Q: What do you enjoy the most about your job?

Moser: I was asked recently by someone what is my “why” for doing this job. The best way I could describe it was knowing that I’m a part of something that is bigger than myself. I love being able to be a part of a team that brings to life an artist’s vision and help them present it to their fans every night. Being able to look out and know everyone in the crowd is there feeling a connection in their own way to the artist on stage; it brings a feeling that is indescribable. Even after having toured for several years, I still get that feeling when I go to concerts. I love knowing that I can help bring that feeling to other people.

When it comes to touring, I like the challenge of doing the same thing every day but in a completely different place. Sure, the venues all kind of look the same, and after a while, begin to blur together. However, each place has its own uniqueness that you must learn to work with. I feel like that’s what keeps this job from feeling too monotonous. It’s easy to look at touring as doing the same thing day in and day out: load in, do a show, load out.

However, every day provides its own set of challenges that keep you on your toes. At a given moment, I may be upset at the fact I’m having to do a parking lot party loadout while it’s snowing or that my points took an extra hour because rigging in the building is difficult, but I wouldn’t change it for the world.

Q: What do you like least?

Moser: Being away from loved ones for so long. It’s easy to feel like I’m missing out on big life events or even the simple joys of normal home life. My husband and I both toured and were even lucky enough to tour together for three years. Before that time, though, he was gone nearly 300 days a year, and I was usually on the road when he was home on a break. It was incredibly tough. Not to mention, with both of us on the road, it made having a dog next to impossible, something we both want very much.

Q: What obstacles or barriers have you faced?

Moser: I remember when I first decided to pursue audio, there was a teacher who tried to discourage me from the career because “even though it may seem glamorous, most people don’t make it.” I’ve had to listen to my fair share of both off-handed and direct comments about being a woman in the industry. I can remember sitting in an internship interview and the person across the desk asked me, “Well, what are we supposed to do if a tour doesn’t want a woman on their crew? How would you feel about that?” I felt like it was a trick question, that no matter how I answered I’d get it wrong.
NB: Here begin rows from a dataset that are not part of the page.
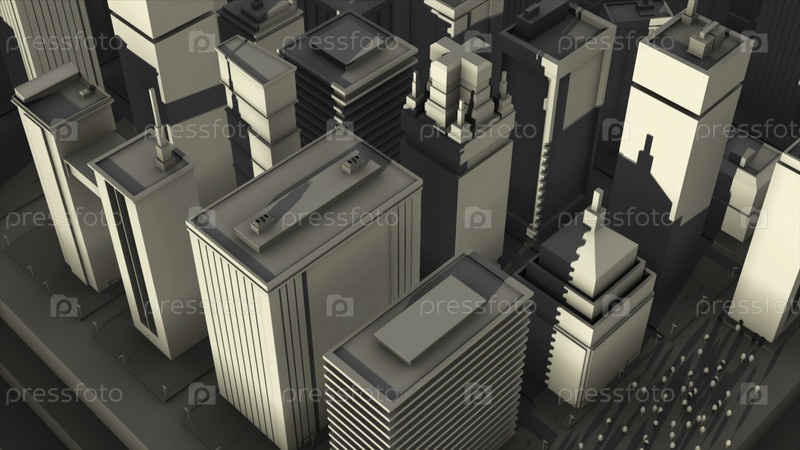 Абстрактная анимация 3D архитектурной модели большого современного центра города на белом фоне.Простая 3D-анимация, сделанная в 4K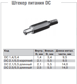 Штекер питания 5,5*2,5 мм, L-9,5 мм (C02)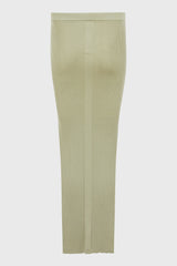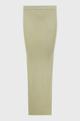 Sacriskirt in celadon lightweight ribbed knit from Rick Owens SS25 Hollywood. This ribbed sacriskirt is above ankle length with a close to the body fit. It is a fully fashioned ribbed knit with a thin, elasticized waistband. This tapered skirt has side seam splits reaching mid-calf and a signature knit line running down the centre back. This is a lightweight and soft classic ribbed wool knit.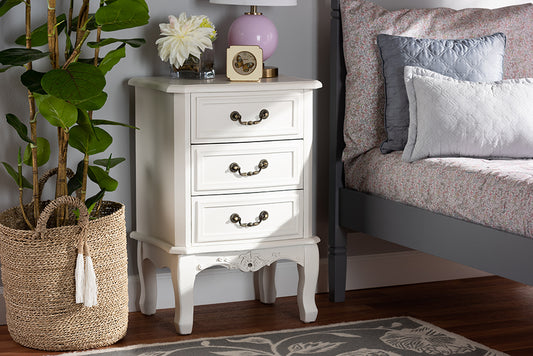 Baxton Studio Gabrielle Traditional French Coun... Baxton Studio Gabrielle Traditional French Country Provincial White-Finished 3-Drawer Wood Nightstand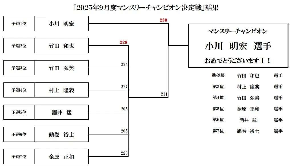 | 25 | 川合隆治 選手 | 171 | 190 | 171 | 246 | 778 | 798 |

Even now, while rare, I’ll run across the occasional stagehand who seems to have a major issue with me right from the start. Sometimes it’s as subtle as an eyeroll and not listening. Other times it’s a more direct statement of “I don’t work with women.”

Q: How have you dealt with them?

Moser: The best way I’ve found to deal with it is to tune it all out and realize that it’s all just noise. Any person who doubts my abilities and refuses to look beyond my gender is not worth my time or worry. I’m thankful and very fortunate that any obstacles throughout the start of my career were rare, and the majority of teachers, professors and students during my high school and college experience were encouraging. I was not going to let the opinions of one or two people stop me from achieving my goals. Today, I have continued to surround myself with incredible people and work for a company that supports and lifts me up rather than tear me down.

Q: Advice for other women who wish to enter the field?

Moser: Never compare your path to somebody else’s. It’s so easy to get caught up in how much more knowledgeable another person may be or how many other tours that person has done. There may be times where you feel stuck but use that feeling and forage your own way. Never stop learning and never stop growing.